Structural biology of signal transduction and epigenetic gene regulation
Figure 1: We employ a number of different resolution techniques to visualise the architecture of cellular components
Figure 2: Atomic model of the INF-β enhanceosome
The Panne group looks to understand important signalling processing pathways in the cell, which could help in the discovery of anti-viral drugs.
Previous and current research
Cellular control logic is ultimately embedded in the molecular architecture of the molecular machines that make up the living cell. Many molecular machines, especially complexes involved in cellular signalling, are transient, with a variety of states and a succession of structures. Transcription factors, for example, bind as complexes to enhancers (‘enhanceosomes’) in a combinatorial and dynamic fashion to regulate expression of genes. Kinases undergo major conformational rearrangements as part of their activation cycle. These signalling components interact with each other and with other molecules in highly structured but complex ways.

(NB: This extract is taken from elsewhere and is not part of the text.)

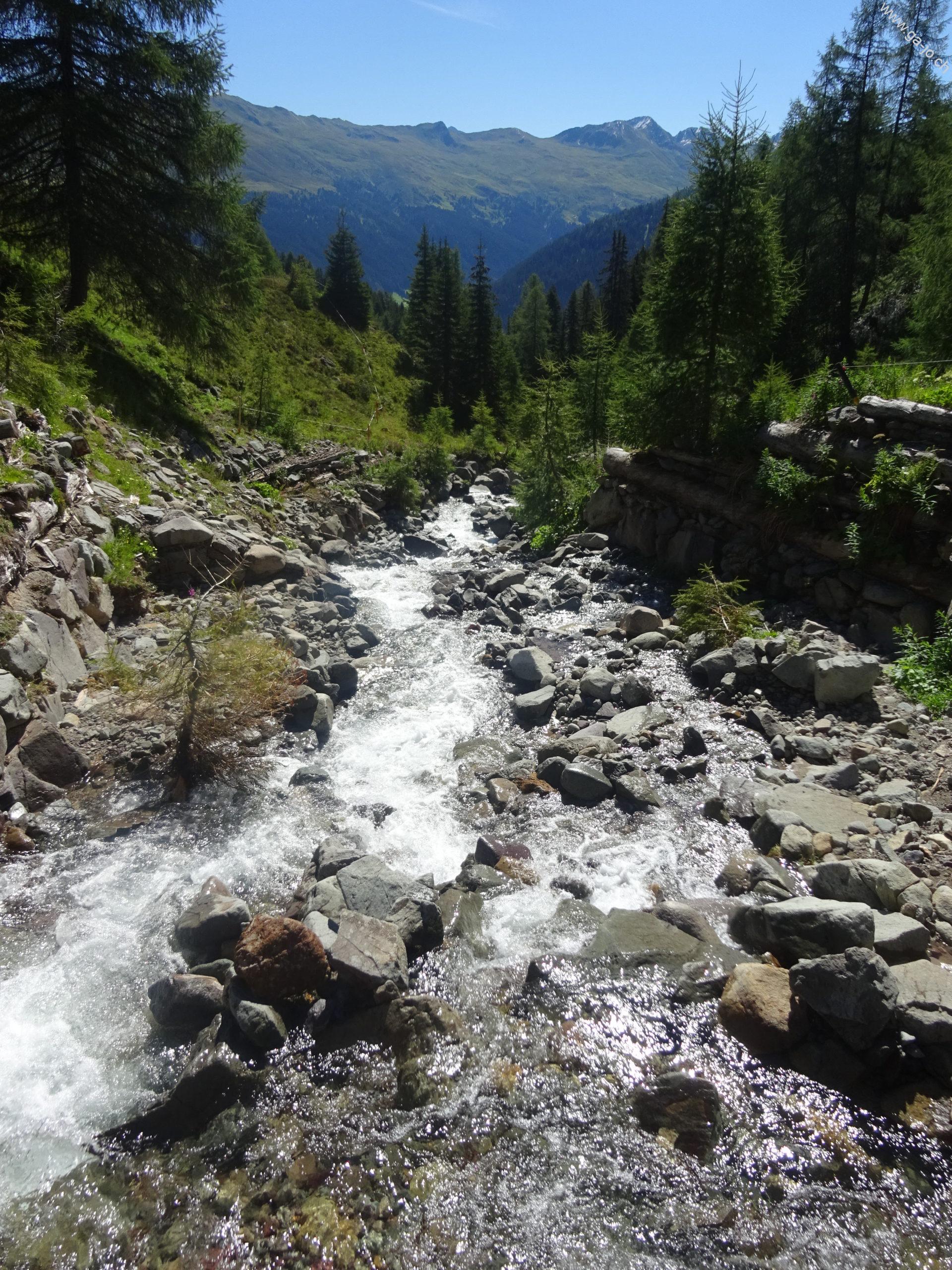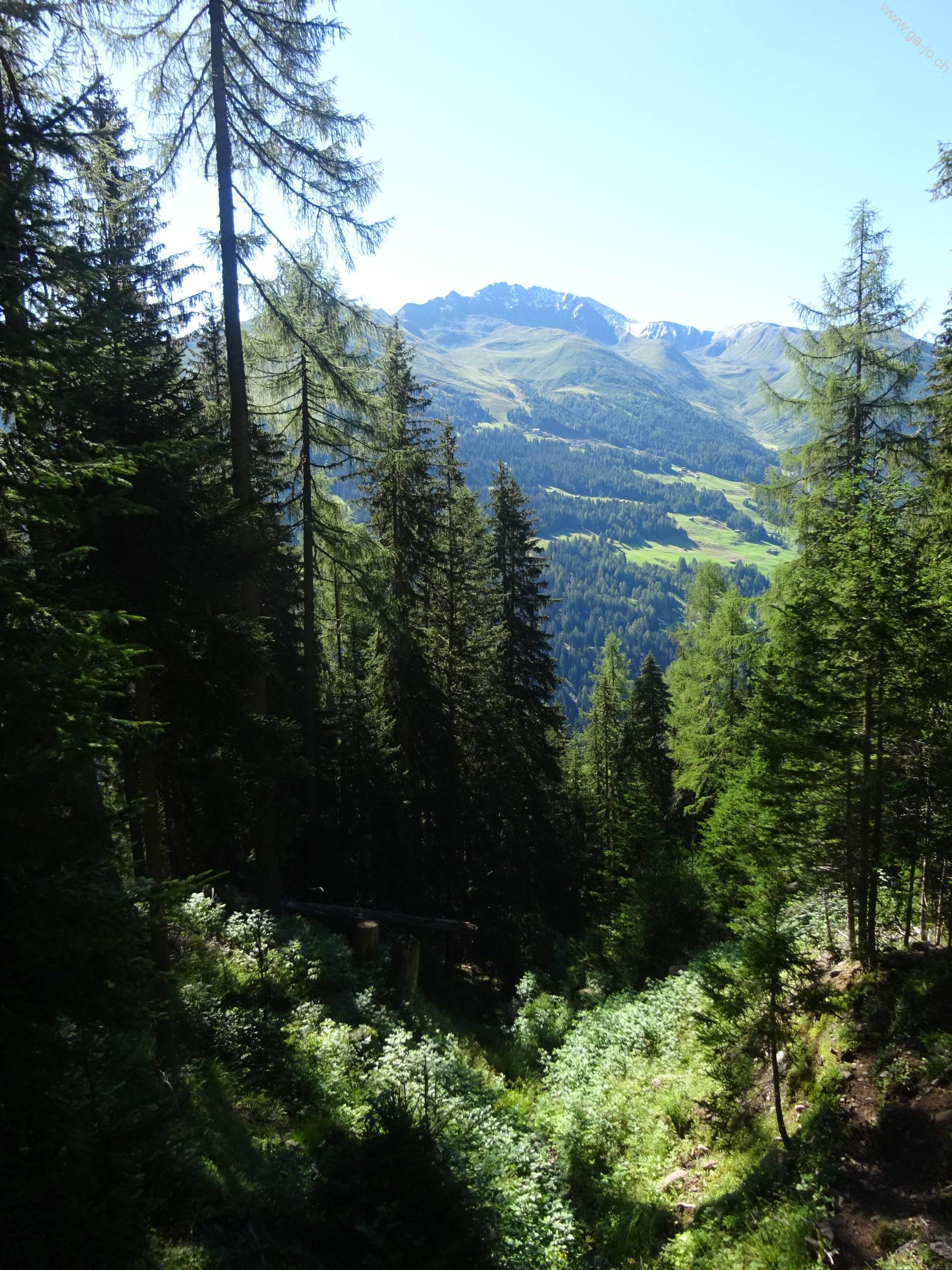 Départ donc de Davos Mühle joignable facilement par le bus n° 1 au départ de Davos Dorf. On monte d’abord sur une route, puis sur une chemin forestier pour rejoindre Chummeralp, une montée assez exigeante physiquement, parfaite pour l’échauffement.

Understanding such transient and dynamic complexes of the cellular machinery is one of the most important challenges in biology today. One crucial first step towards characterising such dynamic processes is to determine the molecular architecture of essential components. We have been using the core approaches of structural biology to address the following questions: What is the architecture of signalling complexes that direct innate immune responses? How do these signalling pathways lead to assembly of higher-order transcription factor complexes? How does assembly of such transcription factor complexes ultimately lead to chromatin modification? How does chromatin modification direct nucleosome remodelling and gene regulation? (figure 1).
Future projects and goals
Cellular signalling ultimately results in assembly of transcriptional regulatory complexes that direct chromatin modification, remodelling and gene expression. The enhanceosome has served as a paradigm for understanding signal integration on higher eukaryotic enhancers (figure 2). Assembly of the enhanceosome results in recruitment of enzymes that modify chromatin. We ask how chromatin modification changes the structure of inhibitory nucleosomes and leads to a more permissive chromatin structure for gene expression. We also ask how chromatin modification enzymes read out histone modification patterns and how chromatin recognition and modification are coupled. Answers to some of these questions are likely to contribute to our understanding of epigenetic gene regulation and dysregulation in disease. Finally, we also are interested in understanding key regulators involved in the innate immune response. This is not only of fundamental importance for cellular signalling but also opens up opportunities for pharmacological targeting.